Hwenon cymþ þis word? Ic nat þæt hit si on Englisce gecuþ to awihte. Bidde þe, ægmann; gief bysen his... Willcume ic þec on míne brúcendsídan! 07:02, 28 Sēremōnaþ 2010 (UTC)

Front pageAdiht

Should the "Gecorene mynddagas" thing on the front page be up alongside the large Sutton Hoo picture? I think it looks considerably/noticeably spaced out as it is. Willcume ic þec on míne brúcendsídan! 01:15, 2 Mǣdmōnaþ 2010 (UTC)

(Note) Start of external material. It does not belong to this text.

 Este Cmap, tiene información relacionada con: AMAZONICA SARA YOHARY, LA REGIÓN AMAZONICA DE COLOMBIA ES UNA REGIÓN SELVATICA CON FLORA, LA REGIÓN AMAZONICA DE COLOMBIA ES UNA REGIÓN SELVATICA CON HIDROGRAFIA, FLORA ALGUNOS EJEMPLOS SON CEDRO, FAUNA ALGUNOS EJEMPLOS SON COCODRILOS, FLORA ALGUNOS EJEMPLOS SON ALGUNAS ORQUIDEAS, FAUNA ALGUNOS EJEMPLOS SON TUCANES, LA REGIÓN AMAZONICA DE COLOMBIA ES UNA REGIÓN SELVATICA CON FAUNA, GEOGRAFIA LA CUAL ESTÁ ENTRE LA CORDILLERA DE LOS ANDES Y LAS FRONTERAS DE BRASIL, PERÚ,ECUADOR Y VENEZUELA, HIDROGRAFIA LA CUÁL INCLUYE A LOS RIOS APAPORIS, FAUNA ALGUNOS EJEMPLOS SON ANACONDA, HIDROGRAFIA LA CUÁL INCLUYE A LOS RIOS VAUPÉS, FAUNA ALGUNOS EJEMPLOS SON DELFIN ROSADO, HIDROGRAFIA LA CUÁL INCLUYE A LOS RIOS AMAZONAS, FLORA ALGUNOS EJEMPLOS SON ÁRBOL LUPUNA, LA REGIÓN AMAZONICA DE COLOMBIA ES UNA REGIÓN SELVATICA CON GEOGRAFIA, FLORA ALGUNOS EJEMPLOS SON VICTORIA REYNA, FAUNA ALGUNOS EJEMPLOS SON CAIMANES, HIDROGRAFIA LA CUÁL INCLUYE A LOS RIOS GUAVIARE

Originally I'd just copied the wiki coding from another Wikipedia language edition, altered the colors, removed some elements, and made it more fitting for us. One fellow was working on a prototype update, but he sorta went quiet. It's open to improvement, but it's far better than it was before. — ᚹᚩᛞᛖᚾᚻᛖᛚᛗ (ᚷᛖᛋᛈᚱᛖᚳ) 02:17, 2 Mǣdmōnaþ 2010 (UTC)

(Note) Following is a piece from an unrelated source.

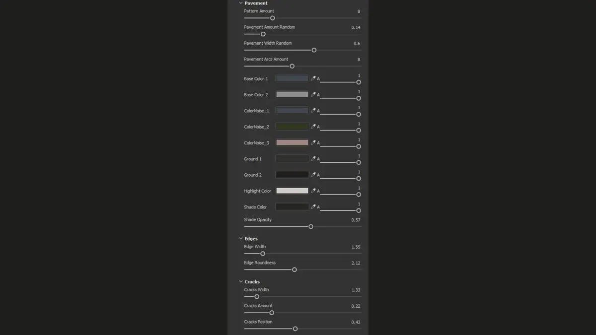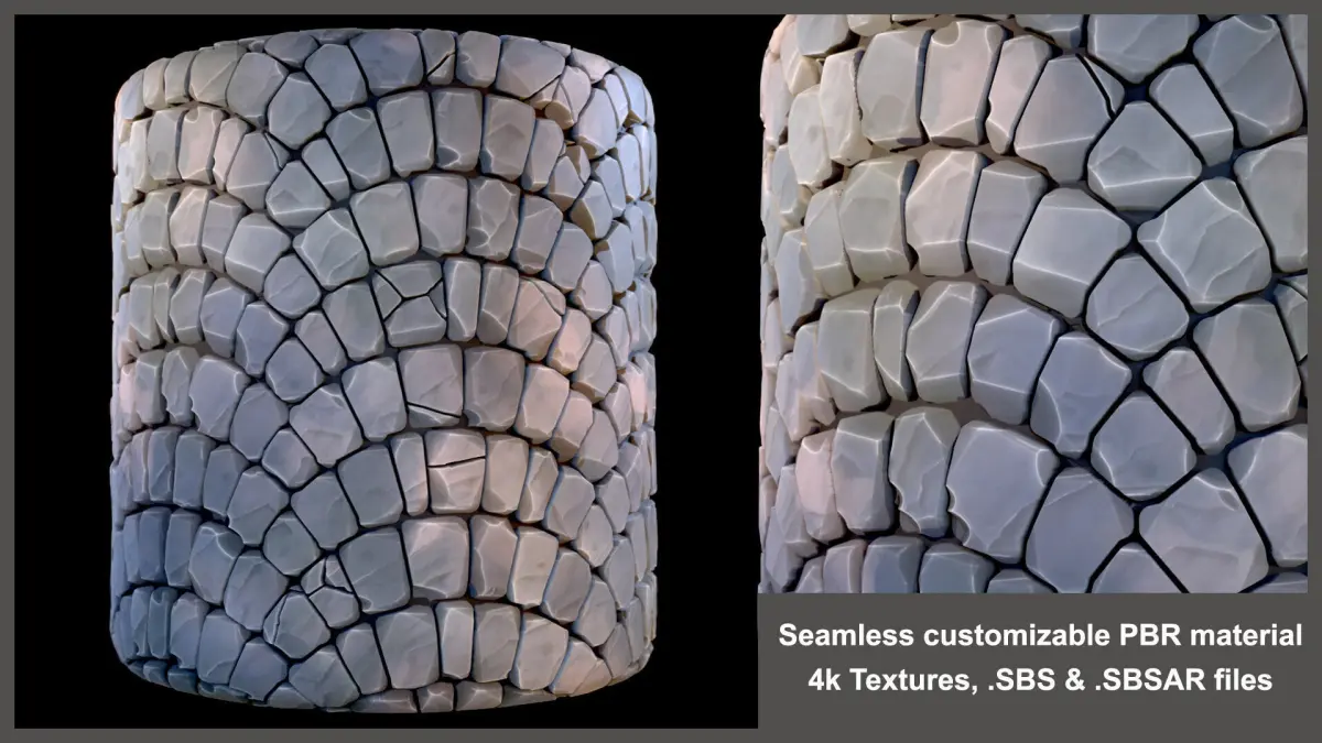 - Seamless stylized pavement PBR material was created in Substance Designer 14.1.1

Righto! It is certainly better than it was before, but I'll see what I can do to even it out... !Willcume ic þec on míne brúcendsídan! 02:53, 2 Mǣdmōnaþ 2010 (UTC)
I've done something over at the sandbox. Feedback, please. I took out a lot of unused code to make it easier for me to work with... But I can work around that on the true front page if needs be. Willcume ic þec on míne brúcendsídan! 04:25, 2 Mǣdmōnaþ 2010 (UTC)
So far, the Sandbox version yields me this:
ᚹᚩᛞᛖᚾᚻᛖᛚᛗ (ᚷᛖᛋᛈᚱᛖᚳ) 18:00, 6 Mǣdmōnaþ 2010 (UTC)
Perhaps we should use a logo that is more letter-box format; a vine scroll or some such. That would leave the lower part of the page visible. I cannot put my hand on the right graphic as yet though. (As so often, in this we are up against the Latin Vicipædia, which has achieved a look perfectly reflecting the order, confidence and indeed ruthless brutality of Roman culture.) Hogweard 21:17, 6 Mǣdmōnaþ 2010 (UTC)
Try zooming out (ctrl+mouse wheel). Willcume ic þec on míne brúcendsídan! 21:26, 6 Mǣdmōnaþ 2010 (UTC)
I do agree with Hogweard; I think we need to come up with a more... dunno... uniquely Anglo-Saxon front page. As a still-minor Wikipedia, we should probably at this stage also still be focusing Anglo-Saxon culture and history for our articles. Not that I'm one to talk. I'm gonna go look at some other minor Wikipedias to see how their front pages are relative to their culture. Willcume ic þec on míne brúcendsídan! 23:58, 6 Mǣdmōnaþ 2010 (UTC)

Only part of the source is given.